→ Assignment: Across the whole listing, return each line exactly, with no images included.

→ Dataset section:
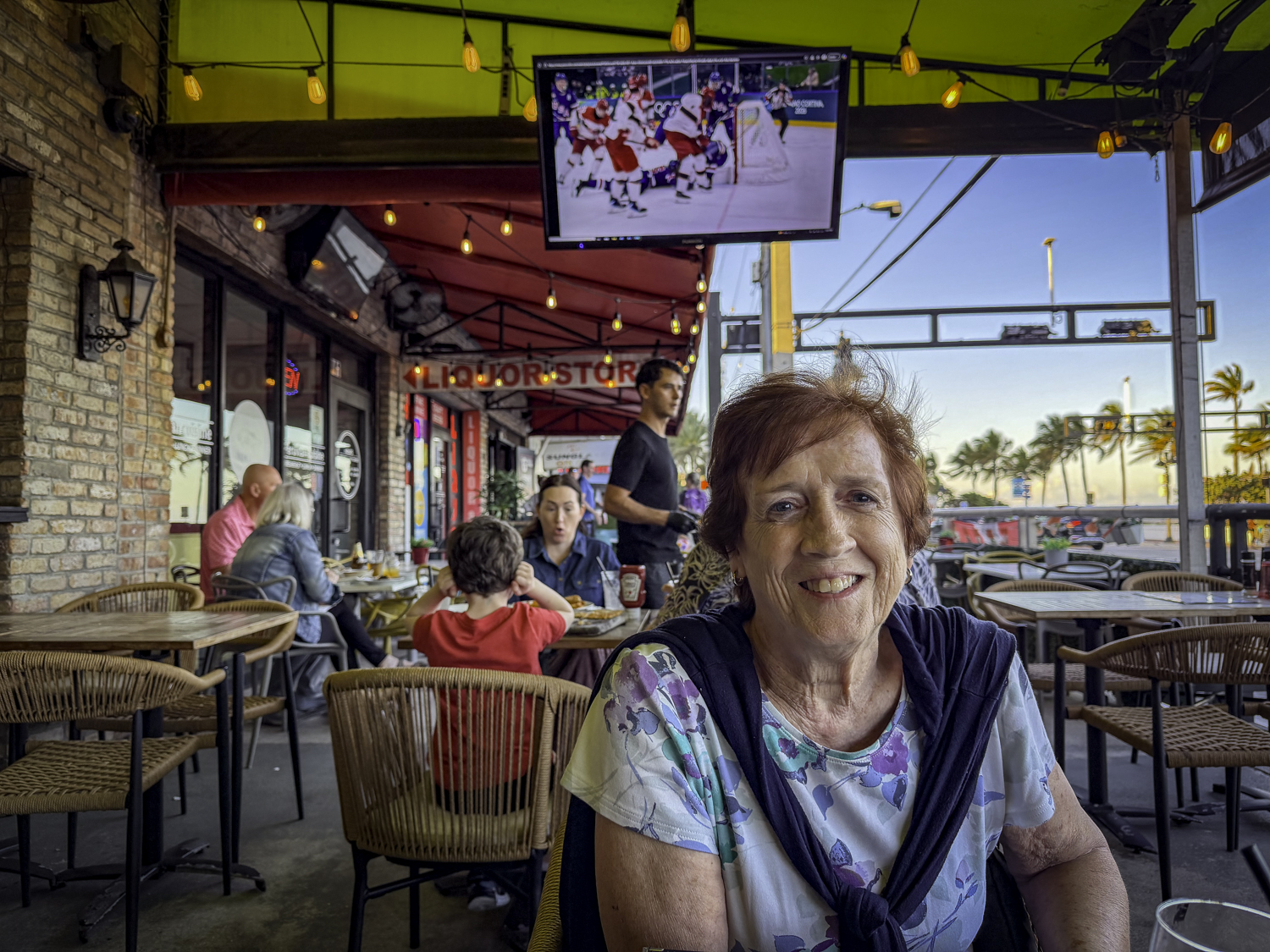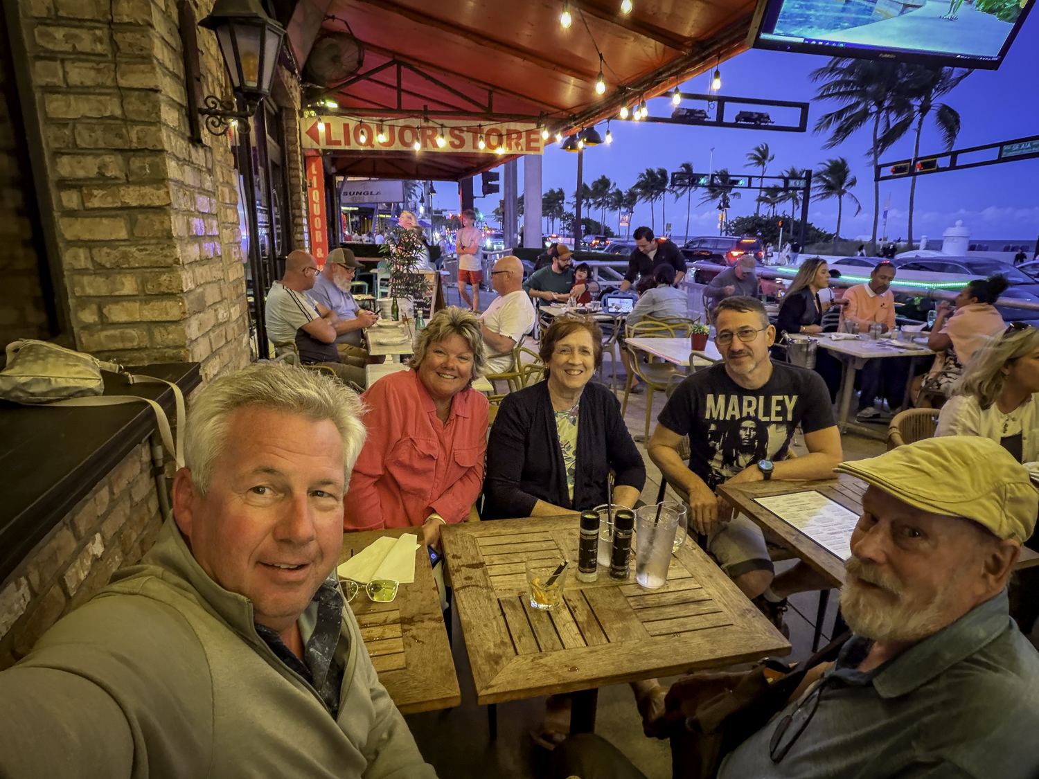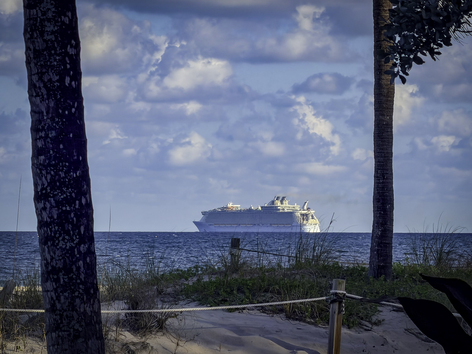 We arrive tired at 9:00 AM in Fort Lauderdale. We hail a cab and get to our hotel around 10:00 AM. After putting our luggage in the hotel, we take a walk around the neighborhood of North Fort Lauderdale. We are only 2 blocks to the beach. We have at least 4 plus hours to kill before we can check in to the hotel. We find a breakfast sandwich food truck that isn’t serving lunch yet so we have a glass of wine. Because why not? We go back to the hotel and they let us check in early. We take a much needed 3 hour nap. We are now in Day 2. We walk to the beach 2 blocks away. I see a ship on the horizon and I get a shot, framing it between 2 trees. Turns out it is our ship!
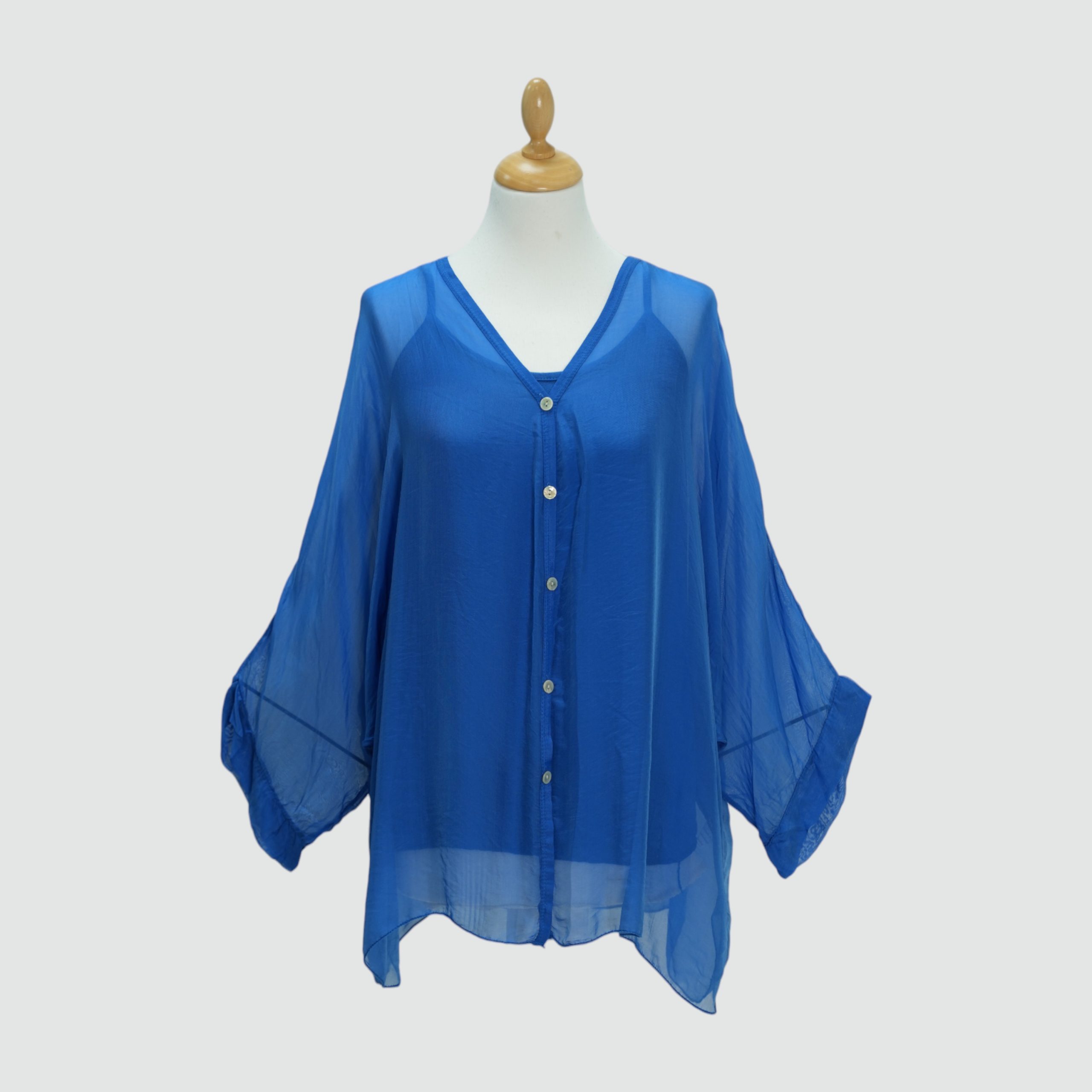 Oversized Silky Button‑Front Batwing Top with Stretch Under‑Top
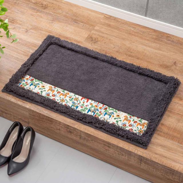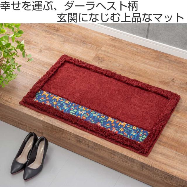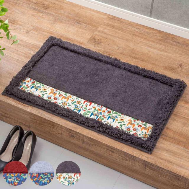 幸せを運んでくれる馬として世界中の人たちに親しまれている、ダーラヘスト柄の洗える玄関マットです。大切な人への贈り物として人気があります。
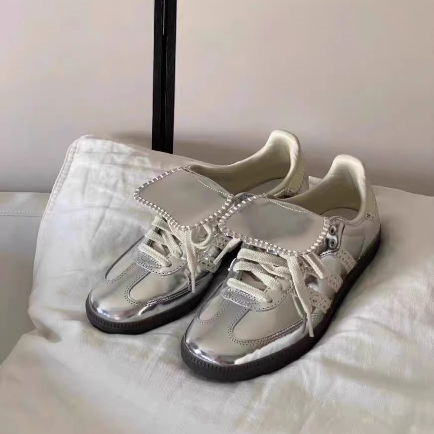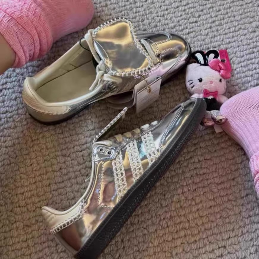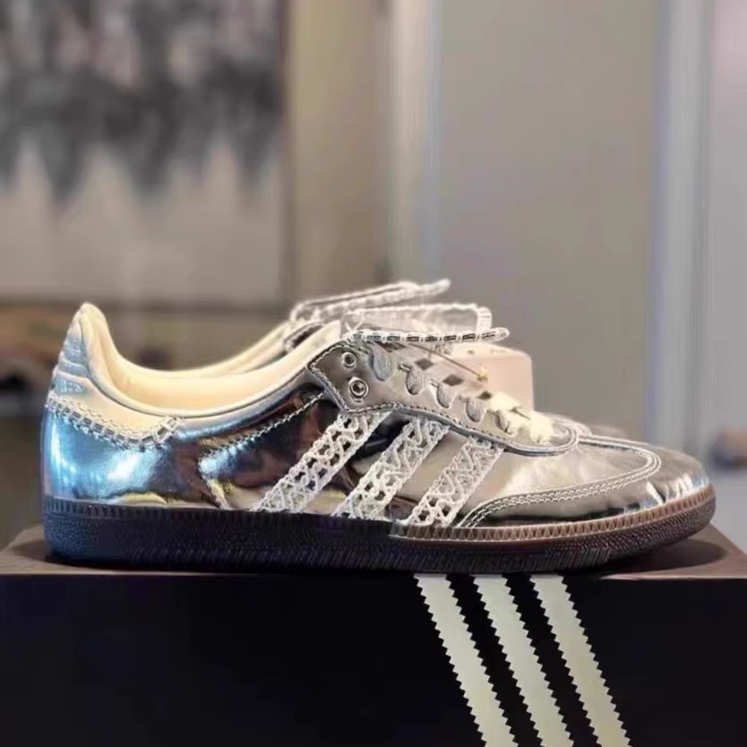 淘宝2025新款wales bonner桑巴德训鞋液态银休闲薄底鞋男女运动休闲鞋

→ Result for this task:
 We arrive tired at 9:00 AM in Fort Lauderdale. We hail a cab and get to our hotel around 10:00 AM. After putting our luggage in the hotel, we take a walk around the neighborhood of North Fort Lauderdale. We are only 2 blocks to the beach. We have at least 4 plus hours to kill before we can check in to the hotel. We find a breakfast sandwich food truck that isn’t serving lunch yet so we have a glass of wine. Because why not? We go back to the hotel and they let us check in early. We take a much needed 3 hour nap. We are now in Day 2. We walk to the beach 2 blocks away. I see a ship on the horizon and I get a shot, framing it between 2 trees. Turns out it is our ship!
 Oversized Silky Button‑Front Batwing Top with Stretch Under‑Top
 幸せを運んでくれる馬として世界中の人たちに親しまれている、ダーラヘスト柄の洗える玄関マットです。大切な人への贈り物として人気があります。
 淘宝2025新款wales bonner桑巴德训鞋液态银休闲薄底鞋男女运动休闲鞋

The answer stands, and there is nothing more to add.